YOUR GOAL: Retype every entry below without any change.

(Items from a data source)
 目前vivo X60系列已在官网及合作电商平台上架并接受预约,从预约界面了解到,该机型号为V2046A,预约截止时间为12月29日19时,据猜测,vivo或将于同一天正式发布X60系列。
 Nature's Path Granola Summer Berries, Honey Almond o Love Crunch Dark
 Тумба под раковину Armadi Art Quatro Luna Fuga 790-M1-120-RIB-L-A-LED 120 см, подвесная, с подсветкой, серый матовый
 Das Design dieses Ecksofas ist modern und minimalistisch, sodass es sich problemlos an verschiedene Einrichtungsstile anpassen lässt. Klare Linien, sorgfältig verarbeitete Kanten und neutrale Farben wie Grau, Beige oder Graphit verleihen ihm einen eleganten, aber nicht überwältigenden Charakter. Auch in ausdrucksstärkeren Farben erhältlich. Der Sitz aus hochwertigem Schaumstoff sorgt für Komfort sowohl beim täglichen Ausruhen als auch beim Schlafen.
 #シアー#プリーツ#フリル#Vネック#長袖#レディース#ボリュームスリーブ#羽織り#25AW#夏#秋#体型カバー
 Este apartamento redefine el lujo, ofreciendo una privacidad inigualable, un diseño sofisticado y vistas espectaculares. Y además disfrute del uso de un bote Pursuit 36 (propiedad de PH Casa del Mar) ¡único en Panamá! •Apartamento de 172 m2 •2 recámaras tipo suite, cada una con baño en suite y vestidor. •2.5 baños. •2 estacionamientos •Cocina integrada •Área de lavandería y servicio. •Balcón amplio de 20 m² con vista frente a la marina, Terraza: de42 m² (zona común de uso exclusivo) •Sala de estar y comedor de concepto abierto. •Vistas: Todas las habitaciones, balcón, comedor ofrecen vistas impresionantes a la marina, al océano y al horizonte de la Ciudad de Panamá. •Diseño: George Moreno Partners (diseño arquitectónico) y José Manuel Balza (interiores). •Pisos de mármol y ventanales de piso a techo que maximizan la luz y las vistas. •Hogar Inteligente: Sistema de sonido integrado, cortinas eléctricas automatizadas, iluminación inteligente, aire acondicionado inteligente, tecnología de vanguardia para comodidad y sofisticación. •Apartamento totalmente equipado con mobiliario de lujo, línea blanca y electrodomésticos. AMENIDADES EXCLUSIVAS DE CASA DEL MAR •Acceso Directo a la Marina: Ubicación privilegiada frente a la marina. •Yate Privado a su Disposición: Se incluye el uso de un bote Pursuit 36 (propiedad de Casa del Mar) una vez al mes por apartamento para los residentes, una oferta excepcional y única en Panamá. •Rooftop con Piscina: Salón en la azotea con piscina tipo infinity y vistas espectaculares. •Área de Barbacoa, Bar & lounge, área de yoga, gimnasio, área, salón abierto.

RESULT:
 目前vivo X60系列已在官网及合作电商平台上架并接受预约,从预约界面了解到,该机型号为V2046A,预约截止时间为12月29日19时,据猜测,vivo或将于同一天正式发布X60系列。
 Nature's Path Granola Summer Berries, Honey Almond o Love Crunch Dark
 Тумба под раковину Armadi Art Quatro Luna Fuga 790-M1-120-RIB-L-A-LED 120 см, подвесная, с подсветкой, серый матовый
 Das Design dieses Ecksofas ist modern und minimalistisch, sodass es sich problemlos an verschiedene Einrichtungsstile anpassen lässt. Klare Linien, sorgfältig verarbeitete Kanten und neutrale Farben wie Grau, Beige oder Graphit verleihen ihm einen eleganten, aber nicht überwältigenden Charakter. Auch in ausdrucksstärkeren Farben erhältlich. Der Sitz aus hochwertigem Schaumstoff sorgt für Komfort sowohl beim täglichen Ausruhen als auch beim Schlafen.
 #シアー#プリーツ#フリル#Vネック#長袖#レディース#ボリュームスリーブ#羽織り#25AW#夏#秋#体型カバー
 Este apartamento redefine el lujo, ofreciendo una privacidad inigualable, un diseño sofisticado y vistas espectaculares. Y además disfrute del uso de un bote Pursuit 36 (propiedad de PH Casa del Mar) ¡único en Panamá! •Apartamento de 172 m2 •2 recámaras tipo suite, cada una con baño en suite y vestidor. •2.5 baños. •2 estacionamientos •Cocina integrada •Área de lavandería y servicio. •Balcón amplio de 20 m² con vista frente a la marina, Terraza: de42 m² (zona común de uso exclusivo) •Sala de estar y comedor de concepto abierto. •Vistas: Todas las habitaciones, balcón, comedor ofrecen vistas impresionantes a la marina, al océano y al horizonte de la Ciudad de Panamá. •Diseño: George Moreno Partners (diseño arquitectónico) y José Manuel Balza (interiores). •Pisos de mármol y ventanales de piso a techo que maximizan la luz y las vistas. •Hogar Inteligente: Sistema de sonido integrado, cortinas eléctricas automatizadas, iluminación inteligente, aire acondicionado inteligente, tecnología de vanguardia para comodidad y sofisticación. •Apartamento totalmente equipado con mobiliario de lujo, línea blanca y electrodomésticos. AMENIDADES EXCLUSIVAS DE CASA DEL MAR •Acceso Directo a la Marina: Ubicación privilegiada frente a la marina. •Yate Privado a su Disposición: Se incluye el uso de un bote Pursuit 36 (propiedad de Casa del Mar) una vez al mes por apartamento para los residentes, una oferta excepcional y única en Panamá. •Rooftop con Piscina: Salón en la azotea con piscina tipo infinity y vistas espectaculares. •Área de Barbacoa, Bar & lounge, área de yoga, gimnasio, área, salón abierto.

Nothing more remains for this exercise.